----- Input data
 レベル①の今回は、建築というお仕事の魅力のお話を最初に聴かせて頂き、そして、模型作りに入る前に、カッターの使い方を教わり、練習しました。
----------
----- Input data
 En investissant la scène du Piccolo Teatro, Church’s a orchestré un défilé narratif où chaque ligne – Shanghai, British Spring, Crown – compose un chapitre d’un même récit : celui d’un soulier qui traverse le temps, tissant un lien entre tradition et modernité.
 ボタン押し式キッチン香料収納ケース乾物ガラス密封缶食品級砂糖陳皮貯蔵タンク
----------
----- Input data
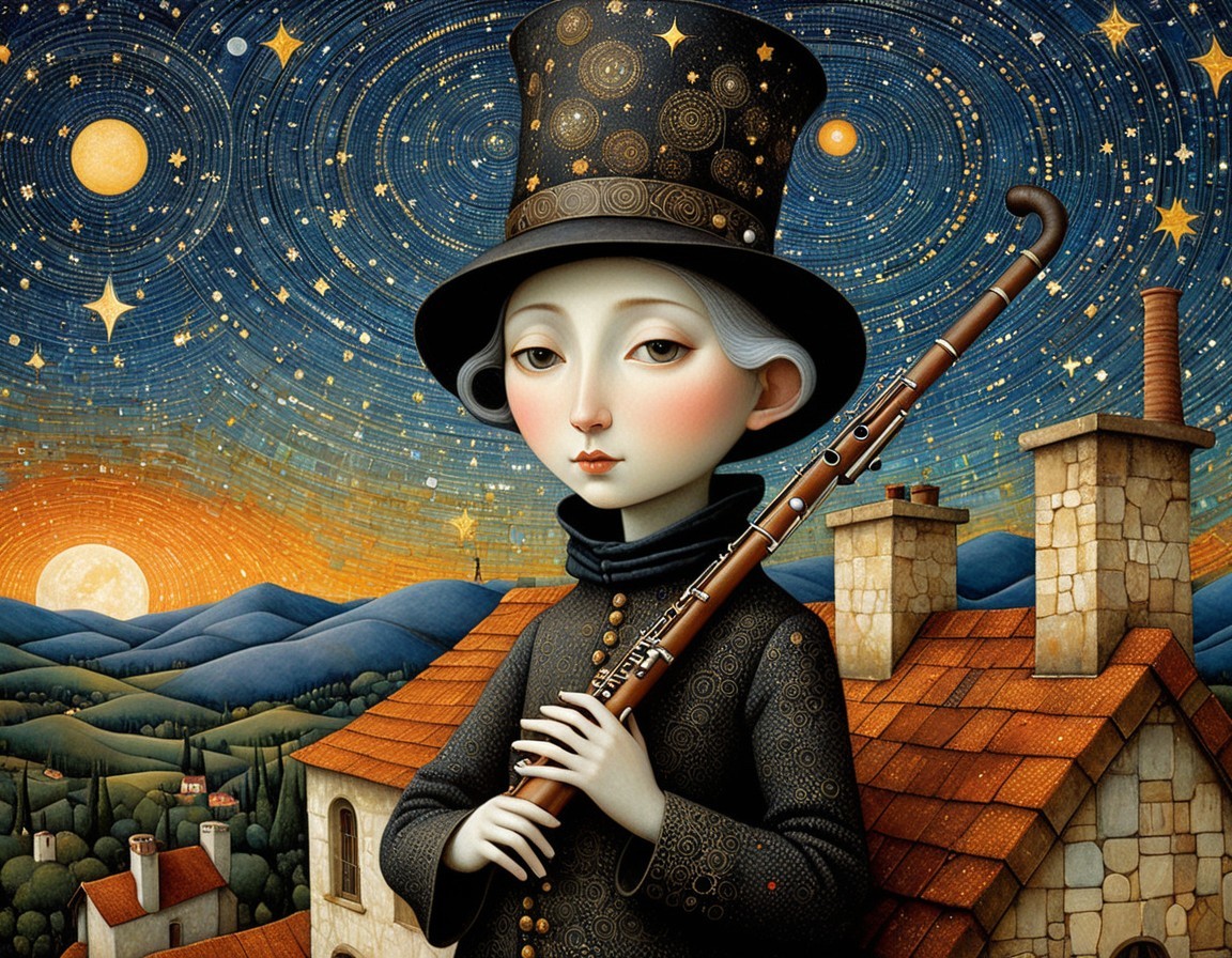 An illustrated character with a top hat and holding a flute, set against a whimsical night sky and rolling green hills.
----------
Above this instruction are the records; retype exactly the lines from the one containing "En investissant la" up to and including the one containing "ボタン押し式キッチン香料収納ケース乾物ガラス密封缶食品級砂糖陳皮貯蔵タンク".

 En investissant la scène du Piccolo Teatro, Church’s a orchestré un défilé narratif où chaque ligne – Shanghai, British Spring, Crown – compose un chapitre d’un même récit : celui d’un soulier qui traverse le temps, tissant un lien entre tradition et modernité.
 ボタン押し式キッチン香料収納ケース乾物ガラス密封缶食品級砂糖陳皮貯蔵タンク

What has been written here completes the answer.